Freshness is an obsession to the Japanese, especially in seafood. The final plot twist turns on this and could be easily underappreciated. New Year's Day is one of the biggest holidays in Japan. Extended families get together for a feast of sushi, sashimi, and other delicacies--all of which must be as fresh as is humanly possible. The supermarket trade is dependent on its ability to provide the freshest seafood and produce right up to the big day.
Consensus is essential to Japanese deal making. While North Americans like to hammer out a deal in undisguised combat, the Japanese prefer to reach a consensus where everyone saves face. Deal making is just as ruthless as it is here, however; it's conducted in a passive-aggressive style that stymies many Western businessmen and diplomats. Witness American attempts to negotiate the opening of Japanese markets. Nuance is everything.
Efficiency is not always what it seems. The Japanese are in many areas--notably assembly-line work--the most efficient people in the world. But there are some arenas in which tradition and aesthetics reign supreme. Food preparation is one of these areas. Who else would build restaurants dedicated to blowfish sashimi, a fantastically expensive delicacy, arrayed on the plate in exquisitely cut patterns--when a slight mistake in removing the entrails will poison and kill the hapless gourmet? This happens many times a year. Japanese moms expend enormous amounts of time creating perfect school lunches, replete with little Jell-O animals and gaily patterned rice balls. For years rice was coated with talcum powder to give it an attractive sheen in the market, until the talc was finally linked to a high incidence of stomach cancer. In Tampopo, eating a simple bowl of udon noodles becomes an ecstatic, multisensory experience. Since seeing that film, I have never approached udon without a sense of awe.
While Japan is rightfully lauded for its low rate of personal crimes--like burglary, assault, and murder--it is, like many Asian nations, steeped in a tradition of bribery, petty corruption, and cronyism that is difficult to root out. In the U.S. Navy, the term comshaw is a bastardization of a word that essentially means to take military equipment and trade it for favors. Sailors don't "steal" flight jackets, tools, or food--they comshaw them. There is a lot of comshaw going down in Honest Goro's.
In a recent interview, Itami--whose face was slashed by Japanese mobsters shortly after the release of his 1992 film Minbo--Or, The Gentle Art of Japanese Extortion--spoke provocatively about this pervasive corruption: "Japanese people lack principles. Western society is based on the Christian identity. There is a set of rules to protect. But in Japan, everything is based on relationships, and relationships change."1 At a time when many Americans are inclined to give up an ethics based on "rules" for an ethics based on "relationships," Itami's comments are not without interest.

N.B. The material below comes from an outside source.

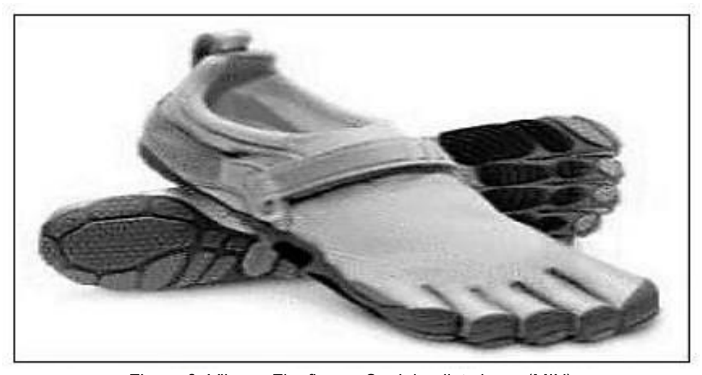
Figure 3. Vibram Fivefingers® minimalist shoes (MIN)

For a Christian audience, Supermarket Woman raises some interesting ethical questions. What would a Christian supermarket look like, and how would it be different from any other? Certainly the meat would not be repackaged, redated, and sold as fresh. The employees would not be comshawing meat and fish to pad their paychecks; that's obvious. But what about the hyperbolic ads and other practices taken for granted in the world of American business? And, more difficult still, what about the system in which the supermarket industry is embedded? To what extent, for instance, would the workers at a Christian market be involved in the decision-making processes that shape their lives?
Supermarket Woman explores these issues from a Japanese perspective, offering an accessible glimpse into an ancient society facing the latest in a long series of painful adjustments to the realities of a changing world. "East is East," Kipling pontificated, "and West is West, and ne'er the twain shall meet." Juzo Itami, for those who care to take note, proves him wrong.
1. Michael A. Lev, "In a Culture That Values Conformity, Two Japanese Social Critics Speak Up," Chicago Tribune, June 12, 1997.